This is the mail archive of the
libc-alpha@sources.redhat.com
mailing list for the glibc project.
Re: New GB18030 gconv module for glibc (from ThizLinux Laboratory)
- From: "Markus Scherer" <markus dot scherer at us dot ibm dot com>
- To: Anthony Fok <anthony at thizlinux dot com>
- Cc: Ulrich Drepper <drepper at redhat dot com>, fai at thizlinux dot com, Bruno Haible <haible at ilog dot fr>, kevin at thizlinux dot com, libc-alpha at sources dot redhat dot com, sunnygu at thizgroup dot com, suzhe at gnuchina dot org, Yu Shao <yshao at redhat dot com>
- Date: Thu, 17 Jan 2002 10:55:26 -0800
- Subject: Re: New GB18030 gconv module for glibc (from ThizLinux Laboratory)
I agree with what Anthony said about mapping code points: Even if they do
not have assigned characters, their mappings are defined.

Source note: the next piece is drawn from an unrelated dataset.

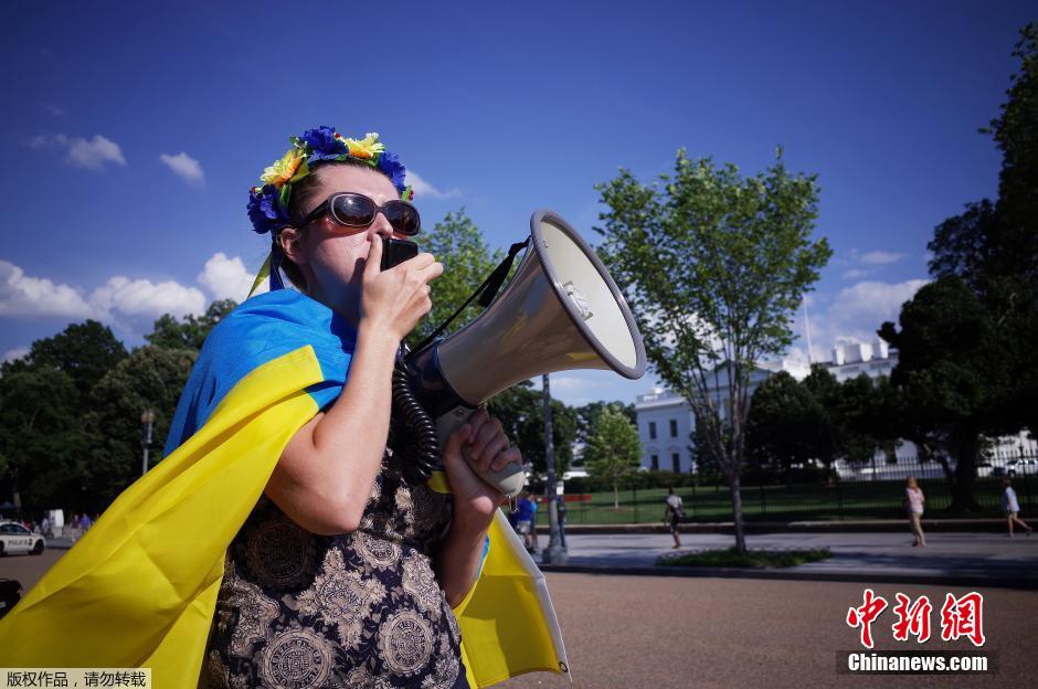 当地时间2014年7月17日,美国白宫,乌克兰政府支持者在白宫外集会,抗议乌国内反对派武装将MH17客机击落。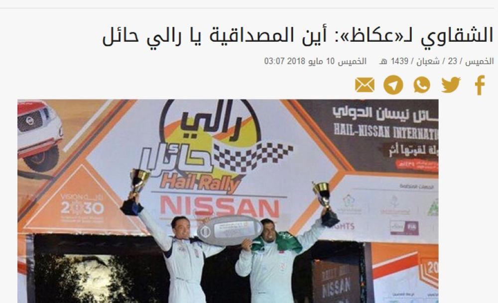 عقبت اللجنة العليا المنظمة لرالي حائل على الخبر المنشور في صحيفة «عكاظ» يوم الخميس 24 شعبان 1439 الموافق 10 مايو 2018، في عدد رقم 18884، تحت عنوان «الشقاوي لعكاظ: أين المصداقية يا رالي حائل»، وأبدت في ردها، استغرابها مما تضمنه الخبر الذي نشره الصحفي إبراهيم الشمسان، وقالت: ما نقله الخبر من تصريح صحفي عن المتسابق أحمد الشقاوي الفائز بالمركز الأول في فئة (T2) من عدم استلام جائزته، وما ذكره الشقاوي (على حد قوله وفقاً للخبر المنشور) من أنه هو وزميله عيسى الدوسري الفائز بالمركز الأول في فئة (T1) من الشركة الراعية لسباق رالي حائل نيسان الدولي 2018، حتى الآن؛ تود اللجنة المنظمة أن تؤكد أن الرالي يقدم سنويا جوائز مجزية مقارنة بالراليات الأخرى، كما أن المتسابقين أحمد الشقاوي وعيسى الدوسري يستحقان هذه الجائزة التي سبق أن أعلنتها اللجنة العليا المنظمة للرالي انطلاقا من حرص اللجنة على أن تُسلم الجوائز فور انتهاء السباق من خلال طلب بيانات الفائزين وإيداع جوائزهم النقدية، إذ تم فور انتهاء السباق طلب بيانات الفائزين من الاتحاد السعودي للسيارات والدراجات النارية، كما جرت العادة، وتم تسليم الجوائز المالية الأخرى التي تمنحها اللجنة العليا المنظمة لرالي حائل لتشمل الجوائز أكبر عدد من المتسابقين للفئات المختلفة التي تشارك بالرالي، وذلك بتوجيه مباشر من أمير منطقة حائل رئيس الهيئة العليا لتطوير المنطقة رئيس اللجنة العليا المنظمة للرالي، وبمتابعة من مساعد رئيس الهيئة رئيس اللجنة التنفيذية للرالي. وقد تم توجيه السائقين صاحبي الجائزتين العينيتين إلى الراعي الرسمي لاستلام جائزتيهما بموجب تواصل مباشر مع الشركة الراعية لتوفير جائزتيهما حسب نوع السيارة المقدمة المعلن عنها، وترك خيار آخر للمتسابق الأول تعاونا من اللجنة والراعي الرسمي الذي طلب فيه المتسابق رفع نوع السيارة التي يرغبها بموجب التواصل الذي تم بينه وبين الشركة الراعية في هذا الشأن، وبناء على رغبته، ولم يكن هناك أي اعتراض قُدم للشركة الراعية حسب نتائج المتابعة التي تمت مع الراعي الرسمي، عكس ما نقله الصحفي الشمسان على لسان الشقاوي، أما الفائز الأول بفئة T2 فقد كان هناك تواصل مع الشركة وتم تعميد الشركة في حينه لتسليمه جائزته منذ فترة طويلة.

This is true for
all Unicode code points except _single_ surrogate code points
U+d800..U+dfff.
Mapping _from_ GB 18030 may sometimes result in "unassigned" handling
because some 4-byte GB 18030 sequences are defined but do not have
mappings to Unicode.
Dirk and my publications on this are based on a printed version of the GB
18030 standard from 2000 (plus the published electronic mapping tables),
and from following discussions about the standard as much as possible. (I
do not read/speak Chinese, but Dirk does; our companies had Chinese
representatives that were in frequent discussion with the Chinese
standards agency.)
Note that the supplementary Unicode code points U+10000..U+10ffff were
_designated_ in Unicode 2.0 (1996), with the pseudo-assignment of
128*1024-4 of those code points (U+f0000..U+ffffd and U+100000..U+10fffd)
as a Private-Use Area.
Unicode 3.1 did not invent this supplementary range but was "only" the
first Unicode version that assigned "real" characters to such code points
(and assigned >40000 of them).
Note also that formally GB 18030 defines mappings to ISO 10646, not
Unicode. One of the differences is the publication schedule. Supplementary
character assignments were published only in December 2001 with ISO 10646
part 2, which synchronized with Unicode 3.1 several months after its
publication.
markus
Markus Scherer IBM GCoC-Unicode/ICU San José, CA
markus.scherer@us.ibm.com (also for SameTime)